ReplyDeleteHowever, although your observations about gifts are correct I don't think your conclusion that it was somehow the intent is valid - it's just a natural consequence of the way things are. If Christmas giving was (as it should be) about small, personal, gifts we would not have this problem.
I think we should stick to putting lights around our homes to appease the Sun-God, who has been slowly leaving us with shorter days and longer nights through the Autumn to return for the Spring and Summer.
Surely the right way to fix this problem is simply to ask your loved ones to draw up a list of the stuff they want but don't intend to buy themselves anytime soon, ask them to put more stuff on it than everyone buying presents for them are likely to buy, then the people buying the presents pick stuff off it? That's how my family has worked for as long as we've all had enough money to be able to meaningfully buy presents for each other at all, and it works excellently: we've had no disappointments over presents for at least fifteen years and probably longer.

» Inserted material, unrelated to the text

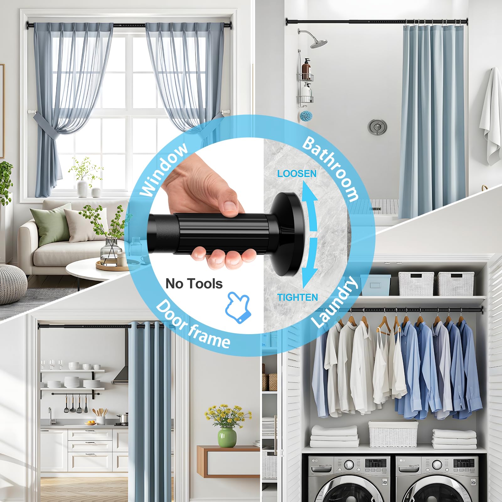 shower Curtain Rod 37-50 Inch,curtain rod No Drilling for Window or Bathroom, Outdoor Curtain Rods for Patio black Tension curtain Rod, Easy to Install, Never Rust, Rod Diameter 1.26 Inches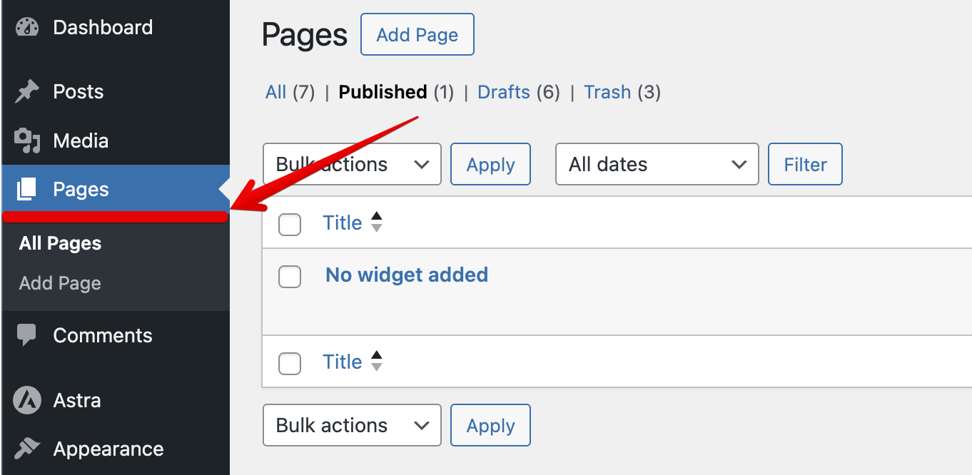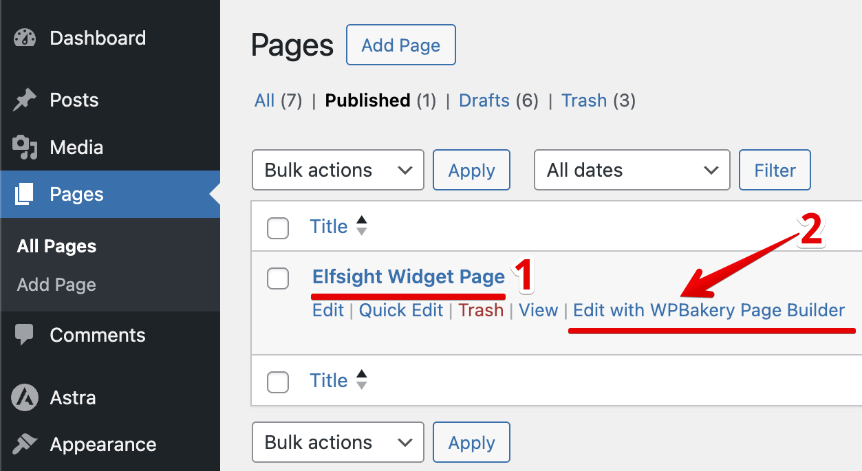 Log in to your WordPress dashboard and navigate to Pages:Hover over the page title where you’d like to add the widget and click "Edit with WPBakery Page Builder":

ReplyDeletePlus, it's more flexible. You can buy things that aren't single physical objects at all, or that are part-shares of a much larger thing (I got another Maltron keyboard with three family members chipping in as gifts); you can buy personally fitted things that only you have the eye for (my sister got some new earrings); you can buy things where you know vaguely what sort of thing you want and the present-giver knows more (e.g. my dad asked for "a good laptop replacement" and we cooperated to decide what would do).
Note: the gift is not the cash, here: the cash is just the medium of exchange. The gift is *what is bought with* the cash, but we're exploiting the fact that cash *is* a medium of exchange to allow 1:many and many:1 relationships and cooperative relationships and multi-event, multi-person relationships (this present is my birthday and Christmas present to you, and my son's birthday present to you). You just can't do that with surprise presents: even if the buyers cooperate, the opportunity cost if the surprise present is undesired is too high (the one I just mentioned would have been *three* presents wasted at once).
The only thing you lose is the surprise... but since half that time it's the surprise of disappointment I frankly don't think you're missing much. Surprise presents are good for children but once you're a teenager or an adult I think dispensing with the whole surprise nonsense is the right thing to do. You get the warm fuzzies of giving your loved ones stuff anyway, and then some extras because you *know* they'll appreciate it.
Exactly what my family does, and explained more eloquently than I ever could.
ReplyDeleteGreat and nice post. Thanks for sharing with us.